Now we run training jobs on SageMaker, starting with our baseline training job.

### Configure metrics

In addition to running the training job, Amazon SageMaker can retrieve training metrics directly from the logs and send them to CloudWatch metrics. Here, we define metrics we would like to observe:

In [13]:
metric_definitions = [
    {'Name': 'train:loss', 'Regex': '.*loss: ([0-9\\.]+) - accuracy: [0-9\\.]+.*'},
    {'Name': 'train:accuracy', 'Regex': '.*loss: [0-9\\.]+ - accuracy: ([0-9\\.]+).*'},
    {'Name': 'validation:accuracy', 'Regex': '.*step - loss: [0-9\\.]+ - accuracy: [0-9\\.]+ - val_loss: [0-9\\.]+ - val_accuracy: ([0-9\\.]+).*'},
    {'Name': 'validation:loss', 'Regex': '.*step - loss: [0-9\\.]+ - accuracy: [0-9\\.]+ - val_loss: ([0-9\\.]+) - val_accuracy: [0-9\\.]+.*'},
    {'Name': 'sec/steps', 'Regex': '.* - \d+s (\d+)[mu]s/step - loss: [0-9\\.]+ - accuracy: [0-9\\.]+ - val_loss: [0-9\\.]+ - val_accuracy: [0-9\\.]+'}
]

Once again, we create a TensorFlow estimator, with a couple key modfications from last time:

* `train_instance_type`: the instance type for training. We set this to `ml.p2.xlarge` because we are training on SageMaker now.
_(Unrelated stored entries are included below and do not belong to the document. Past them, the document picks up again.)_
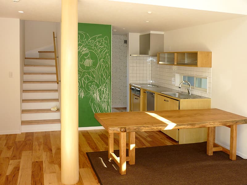優しいトーンでまとめた外観から一歩中に入れば、天然木がふんだんに使われたぬくもり溢れる空間に。玄関土間を広く、ファミリースペース、リビングには黒板までを設け、遊び心をいっぱい詰め込みました。このお家でゆっくり子供の成長を見守っていただけると思います。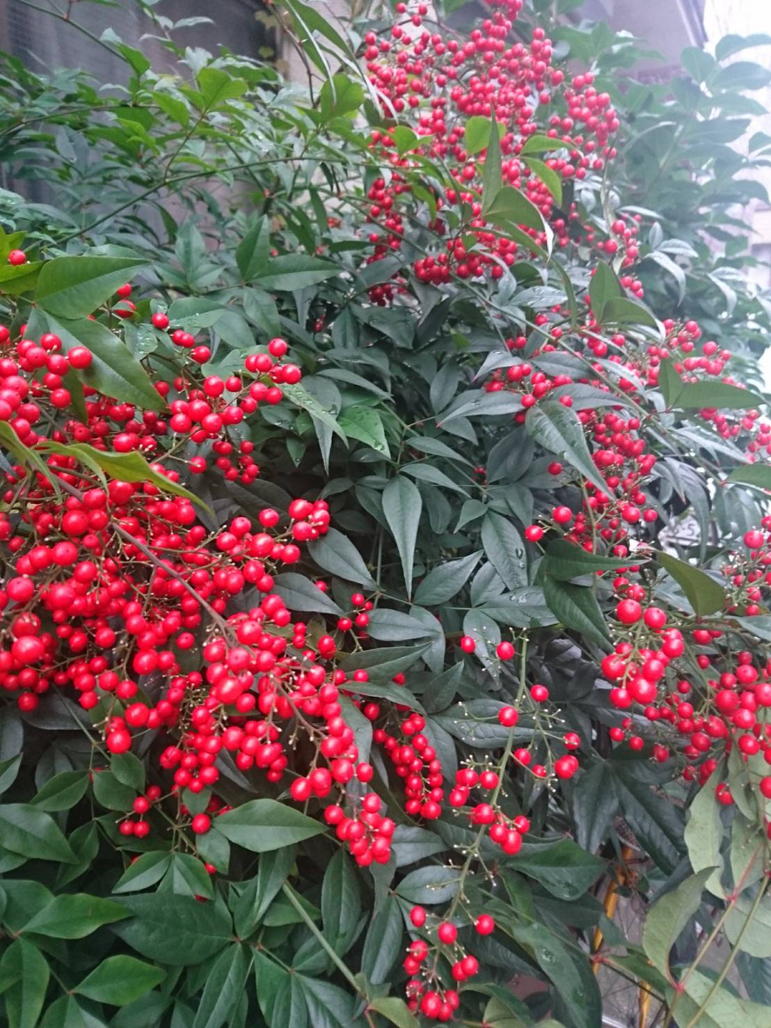 師走に入り街が祝祭気分に賑わいだす頃、南天の実が紅くなります。中国原産で江戸時代前に渡来し、難を転ずる縁起の良い庭木として玄関先、鬼門や裏鬼門に植えられることが多く、佃の古い家や商店の傍らに佇んでいたり月島のマンション植栽に植えられていたり。艶々の赤い実は咳止め漢方薬に使われてきました。南天のど飴、有名ですね。月島緑道や小さな植栽マスに植えられた低木のお多福南天の艶やかな照葉も目を引きます。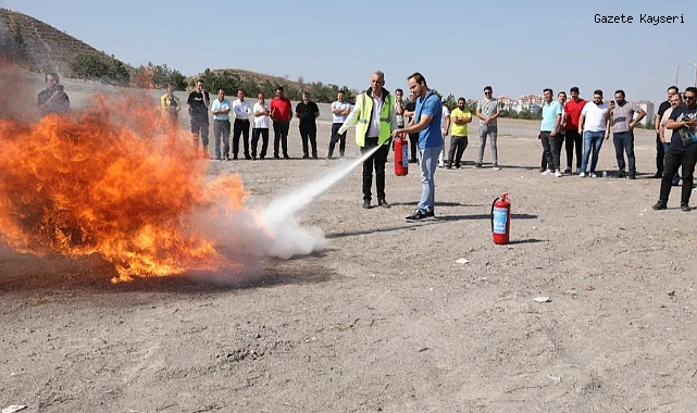 Kayseri Büyükşehir Belediyesi Kayseri Mesleki Eğitim ve Kültür A.Ş. (KAYMEK) tarafından personeline, olası bir yangın durumunda yapılması gerekenleri içeren yangınla mücadele eğitim verildi.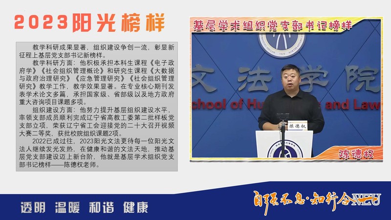 文法学院2022年度基层学术组织党支部书记榜样:陈德权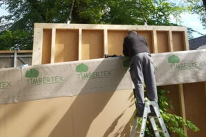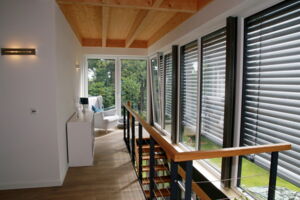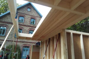 - Wand- und Deckenkonstruktion in wohngesunder Holzrahmenbauweise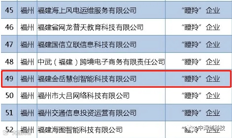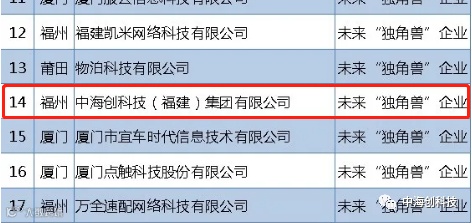 5月25日,福建省数字办正式公布2020年度全省数字经济领域创新企业名单,该名单按企业规模与发展特点,包括3家“独角兽”企业、14家未来“独角兽”企业、72家“瞪羚”企业,涵盖软件与信息技术服务业、电子信息制造业、新一代信息技术产业、制造业融合业态、农业融合业态、服务业融合业态等。
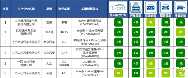 从官方信息得知,4月9日,中国汽车能效开发与检测认证专业联盟发布首批纯电动乘用车能效分级测评结果,首批覆盖12款市场主流车型,从行车能效、驱动能效、空调能效、补能能效四大维度进行综合评价。旨在推动行业从“续航竞赛”转向“真实能效管理”,并为消费者提供透明化的购车参考

For a list of available instance types, see [the AWS documentation](https://aws.amazon.com/sagemaker/pricing/instance-types).
* `metric_definitions`: the metrics (defined above) that we want sent to CloudWatch.

In [17]:
from sagemaker.tensorflow import TensorFlow

hyperparameters = {'epochs': 10, 'batch-size': 256}
tags = [{'Key': 'Project', 'Value': 'cifar10'}, {'Key': 'TensorBoard', 'Value': 'file'}]

estimator = TensorFlow(entry_point='cifar10_keras_main.py',
                       source_dir='source_dir',
                       metric_definitions=metric_definitions,
                       hyperparameters=hyperparameters,
                       role=role,
                       framework_version='1.15.2',
                       py_version='py3',
                       train_instance_count=1,
                       train_instance_type='ml.m4.xlarge', # changed from ml.p2.xlarge to ml.m4.xlarge due to 
                                                           # Free Tier allowances
                       base_job_name='cifar10-tf',
                       tags=tags)

train_instance_type has been renamed in sagemaker>=2.
See: https://sagemaker.readthedocs.io/en/stable/v2.html for details.
train_instance_count has been renamed in sagemaker>=2.
See: https://sagemaker.readthedocs.io/en/stable/v2.html for details.
train_instance_type has been renamed in sagemaker>=2.
See: https://sagemaker.readthedocs.io/en/stable/v2.html for details.


Like before, we call `fit()` to start the SageMaker training job and pass the inputs in a dictionary to define different data channels for training. This time, we use the S3 URI from uploading our data.

In [None]:
inputs = {
    'train': '{}/train'.format(dataset_uri),
    'validation': '{}/validation'.format(dataset_uri),
    'eval': '{}/eval'.format(dataset_uri),
}

estimator.fit(inputs)

2021-05-14 10:37:03 Starting - Starting the training job...
2021-05-14 10:37:27 Starting - Launching requested ML instancesProfilerReport-1620988623: InProgress
......
2021-05-14 10:38:29 Starting - Preparing the instances for training.........
2021-05-14 10:39:55 Downloading - Downloading input data
2021-05-14 10:39:55 Training - Downloading the training image...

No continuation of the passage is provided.